Conclusions and perspectives
The SARS-CoV-2 pandemic has caused significant health and economic burden in the world. So far, there are no treatments or therapies to prevent SARS-CoV-2 infection. Several approaches involving different platforms like the use of recombinant proteins, peptides, virus-like particles, live attenuated virus, inactivated virus, viral vectors, and nucleic acid-based therapies are being developed and evaluated [48,49]. There is an urgent need to develop a vaccine against SARS-CoV-2 supported by better scientific understanding in the field of genomics and structural biology and an intense global R&D activity [50].

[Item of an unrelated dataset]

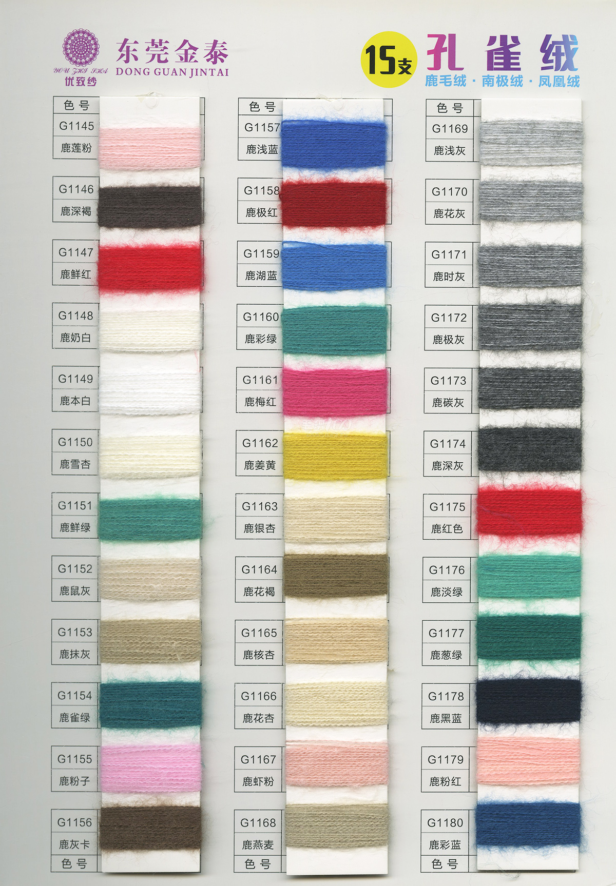 春夏系列:超细亚麻丝绸、莱赛尔丝绸、桑蚕丝莱赛尔、羊毛莱赛尔、天爽亚麻、亚麻天丝、(净色、段染)莱赛尔高粘天丝、(段染)冰爽丝、(段染)高粘仿亚麻(段染)高端亚丽爽、亲肤麻丝、超细亚丽爽、银爽丝、蚕丝棉、冰丝、22支.28支仿麻丝、高端亚丽爽、高粘仿亚麻、闪光丝、冰爽丝、----秋冬系列:山羊绒、牛奶丝、带子包缠纱、仿麻包芯、色纺金貂、18支.28支北极绒、孔雀绒、水晶安迪绒、渐变磨毛绒、K绒、香风小肚纱、圈圈纱

We propose that using splice switch oligonucleotides, alternative splicing of the ACE2 gene can be modulated, and critical domains of ACE2 responsible for the binding and the entry of SARS-CoV-2 can be removed from the mature transcript. Novel exon predicted in the present study may also provide the nucleotide sequences for designing SSOs. With the recent advancement in the synthesis and delivery of SSOs, this may provide a novel and effective approach to target SARS-CoV-2 pathogenesis.
Competing Interests
The authors declare that there are no competing interests associated with the manuscript.